The prisoner was brought before him.

"What do you have to say for yourself, werebunny? Do you confess to eating the Kings grass?"

"That grass if free for all!"

"Head with his off!"

"What?"

"Off... with... his... head!"

#

The king yawned, and settled in for his afternoon nap. His rage of the day had tired him out. The new cloak was placed over him, to keep him warm. He pulled it up around his neck and fell asleep.

He never noticed when the cloak got tighter... and tighter, fitting over his face snuggly. The King passed quietly in the night, a 'Night Breath Syndrome' his doctors would decree. In other words: he stopped breathing.

#

"And walking blankets, sor? You seen walking blankets?"
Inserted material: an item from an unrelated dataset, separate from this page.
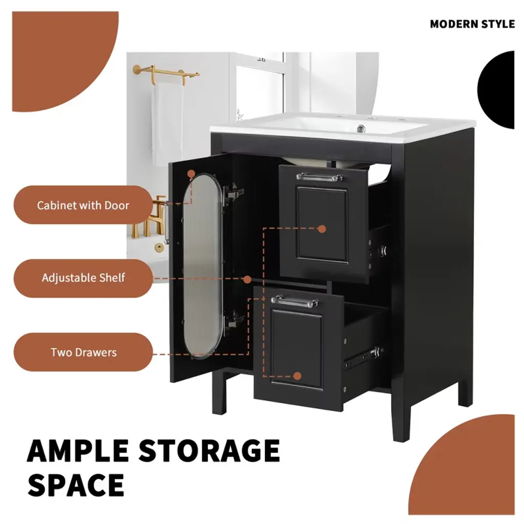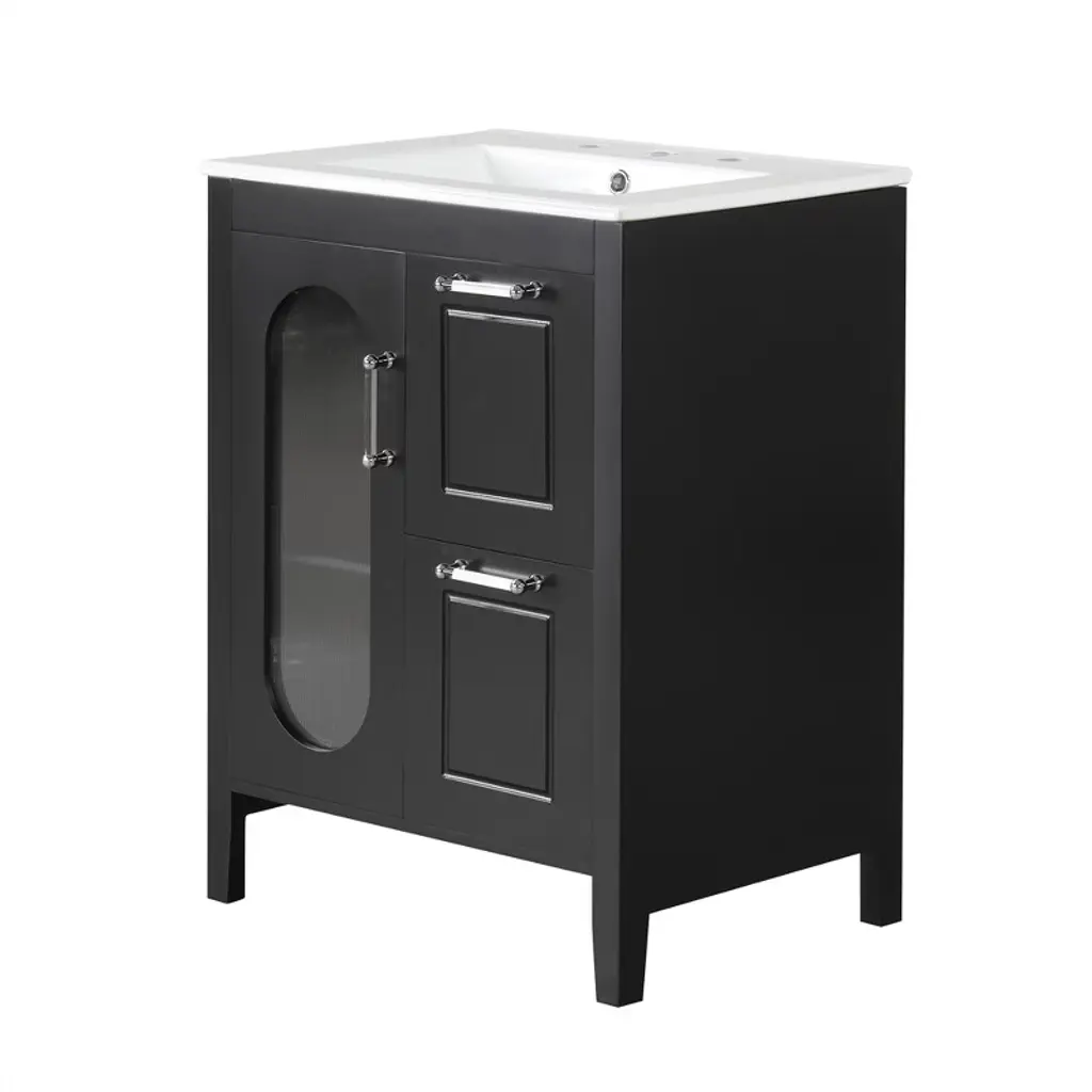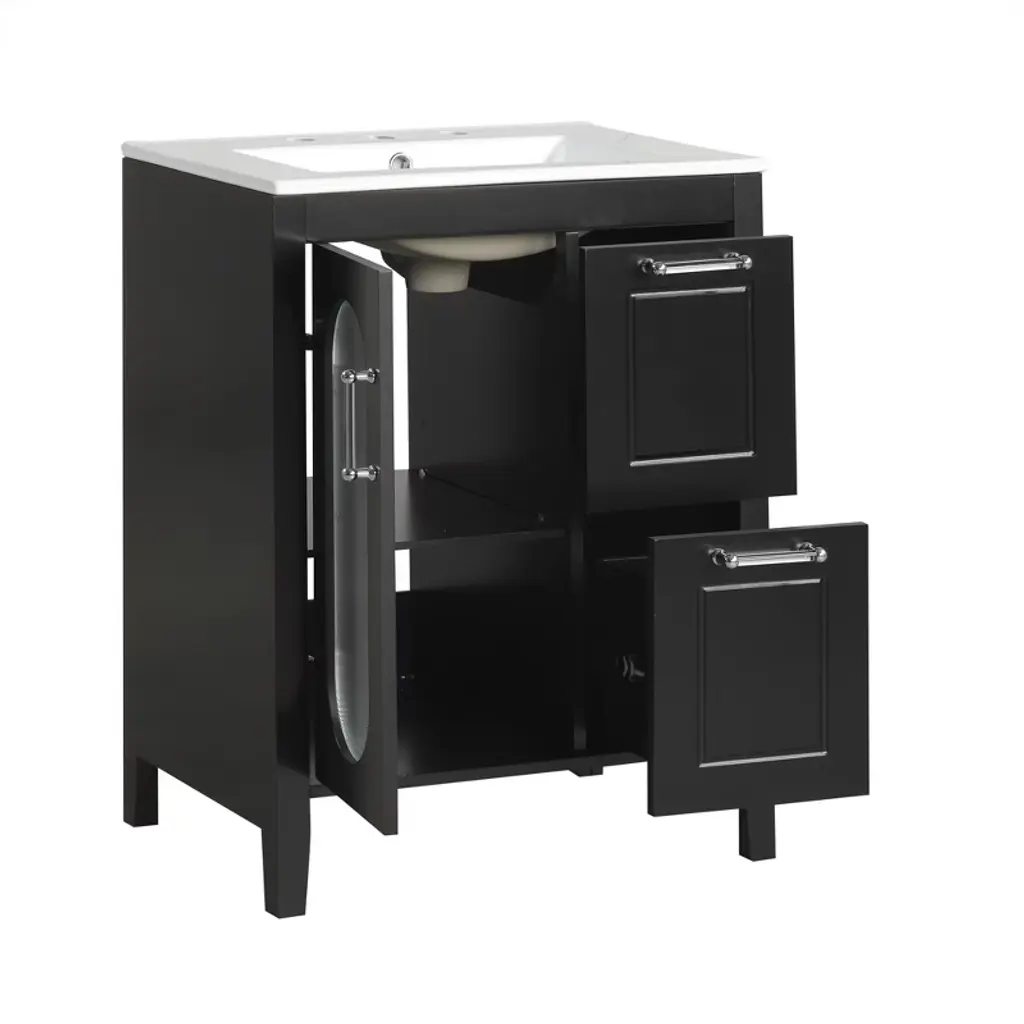 Gulches 24 Inches 1 Sink Freestanding Black Bath Vanity With White Ceramic Top 2 Drawers Cabinet Adjustable Shelf

"Don't be daft, man. No such --"

"First time for everything!" Aleny said letting herself out the gate.

"Cor!"

#

"With Brin missing, we need to go back and ..."

"Who said Brin was missing?" A voice intruded.

"Brin!" Aleny leap to her feet and hugged the werebunny. "How did you get away?"

"Turned myself into a louse and just sat in the guards hair until he left the castle. Did you get the crystal pip?"

Iriand held out his palm, the small crystal reviled.

"Excellent! Lets get to work, shall we? We have a few hundred people to rescue from the Kings dungeons."

"You realise, Iriand," Aleny said, "this makes you a hero."

Iriand smiled.

"Don't you have something to say about that?"

Iriand shook his head and mouthed the word: laryngitis.

Aleny laughed, then ducked when Iriand swung a fist at her.